Thinking about being in the right mindset to slyly flirt with H tomorrow evening when we go to dinner............First of all, I gave H the option of meeting him at restaurant or having him pick me up. He offered to pick me up at the house. Secondly, when I accepted H's invitation to dinner, I declined the first date he offered (told him I had prior plans) but was available tomorrow. I also said that he should surprise me with the restaurant he chooses,....that surprises are GOOD. Finally, last time I spent an evening with H was about 3 1/2 weeks ago. I was in a playful mood and flirted with him a bit (told him he needed to feel my firm derriere, told him I was having my main drain cleaned out the following day...that a girl needs to have her main drain cleaned out every so often, and played adult Mad Libs with him (I highly recommend this)). We ended the evening in a friendly manner calling back and forth farewells as I walked away from his car. As best I can tell this was just a few days after relationship with OW ended.

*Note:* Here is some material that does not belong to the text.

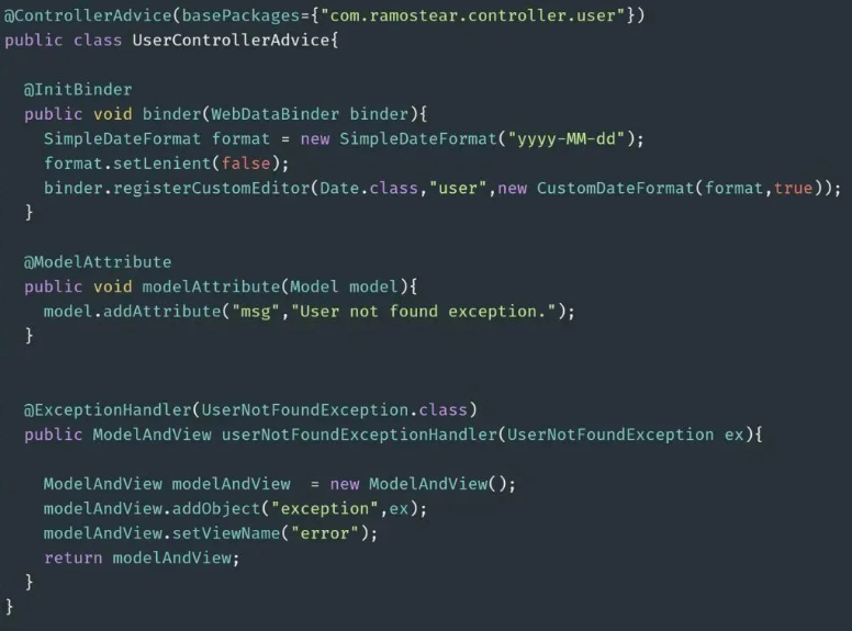 @ControllerAdvice是@Component注解的一个延伸注解,Spring会自动扫描并检测被@ControllerAdvice所标注的类。@ControllerAdvice需要和@ExceptionHandler、@InitBinder以及@ModelAttribute注解搭配使用,主要是用来处理控制器所抛出的异常信息。首先,我们需要定义一个被@ControllerAdvice所标注的类,在该类中,定义一个用于处理具体异常的方法,并使用@ExceptionHandler注解进行标记。此外,在有必要的时候,可以使用@InitBinder在类中进行全局的配置,还可以使用@ModelAttribute配置与视图相关的参数。使用@ControllerAdvice注解,就可以快速的创建统一的,自定义的异常处理类。下面是一个使用@ControllerAdvice的示例代码:

Fast forward to this week.....H showed up at the house unnanounced on Saturday afternoon to fix an electrical problem in the back yard. I just happened to be getting ready for an evening with friends, had on full make-up, wet hair, and a bathrobe. I walked out to visit with H. We ended up chatting for 30 minutes or so. The neighbor's cat was visiting (he practically lives at the house....funny) so I went into the house to grab the Halloween costume I had bought for the neighbor's cat and H and I spent about 10 minutes dressing the cat and taking photos. (It was amusing if you were there. I kept worrying that the cat would run off and show up at his owners' house later wearing the court jester outfit I had dressed him in. laugh )

Anyway, during the course of taking photos as I was stooping to hold said cat I commented to H that he might catch 2 pu$$ies in the photo. I wonder if that registered with H because when I sent him a photo of MY kitty cat (I have a cat too, which is why the neighbor's cat visits frequently) wearing her witch costume, H replied to my e-mail with "I think the Pu$$y Party Girl shot is possibly the best one SHE's ever had".

Question to group: Could this be a sign that H is moving into flirty territory with me? We have been in firm friendship stage since June but I haven't succeeded in moving to stage 3.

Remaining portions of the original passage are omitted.